Dla sędziego z Bydgoszczy będzie to już trzecie spotkanie w tym sezonie, a drugie z rzędu z udziałem Widzewa. W zeszłym tygodniu sędzia ten prowadził przegrany pojedynek Widzewa z Rakowem Częstochowa. Pierwsze spotkanie łódzkiej drużyny "gwizdał" na początku rundy rewanżowej. Rywalem Czerwono-Biało-Czerwonych była wtedy szczecińska Pogoń.

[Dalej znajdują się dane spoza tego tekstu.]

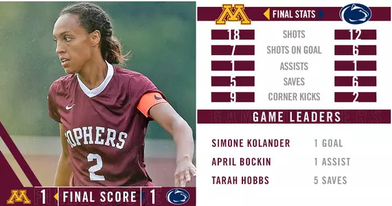 The University of Minnesota women's soccer team tied with No. 16 Penn State in a 1-1 decision on Friday night at the Elizabeth Lyle Robbie Stadium. The game marked the Big Ten Conference opener, and the first time the Gophers have tied this season. Minnesota's record moves to 6-2-1 on the season.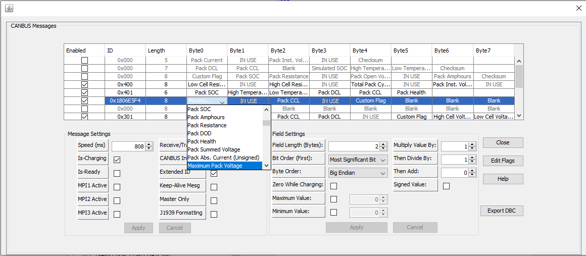 In the Byte0 column of the 0x1806E5F4 ID row click on the Maximum Pack Voltage. Dropdown will appear but do not change the setting. Just need the cell clicked on.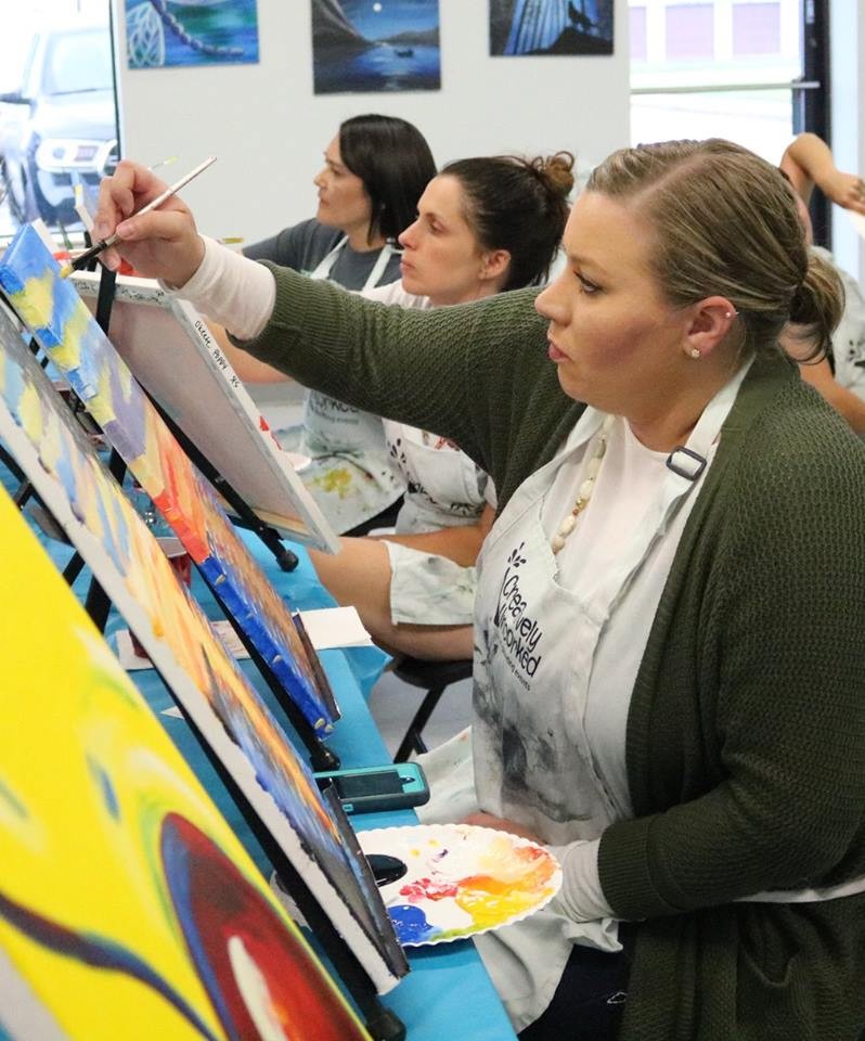 Arrive early to check in, grab a drink, and choose your seat. Aprons are provided, but wear something you don’t mind getting a little paint on. Seating is first‑come, first‑served; groups should have someone arrive early to save spots. Reserve your seat by signing up and paying in advance on our website.

Zdecydowanie częściej Daniel Stefański "spotykał" się z piłkarzami Piasta Gliwice. Najbliższe spotkanie będzie dla sędziego już piątym w tym sezonie meczem z udziałem zespołu z Gliwic. Jedno w Pucharze Polski ze Stalą Mielec wygrali Gliwiczanie. W lidze jedno z Lechem Poznań zremisowali, a w dwóch wyjazdowych z Jagiellonią Białystok i Wisłą Płock przegrali.
Sędzia Stefański pod względem żółtych kartek ze średnią 4,42 plasuje się w środku tabeli. Nie można powiedzieć, że Daniel Stefański karze częściej gości, bądź gospodarzy, ponieważ różnice są minimalne. Spośród osiemdziesięciu czterech żółtych kartek, czterdzieści trzy zobaczyli gospodarze, a o dwie mniej goście.
Arbiter w tym sezonie w meczach ligowych pokazał jedną czerwoną kartkę. W spotkaniu pomiędzy Wisłą Płock, a Górnikiem Zabrze ujrzał ją gracz gospodarzy Rafał Wolski .
Sędzia w pojedynkach ligowych podyktował dziewięć rzutów karnych, co daje średnią 0,47 karnego na mecz. Częściej rzuty karne otrzymywali gospodarze, którzy wykonywali ich sześć, a o połowę mniej goście.
Najbardziej "kolorowym" spotkaniem był rewanżowy mecz pomiędzy Górnikiem Zabrze w Wisłą Płock w którym arbiter pokazała zawodnikom obu ekip po cztery żółte kartki.
Aż dwa rzuty karne sędzia Stefański podyktował w derbach Poznania. W tym meczu po jednym przyznał Lechowi jaki i Warcie.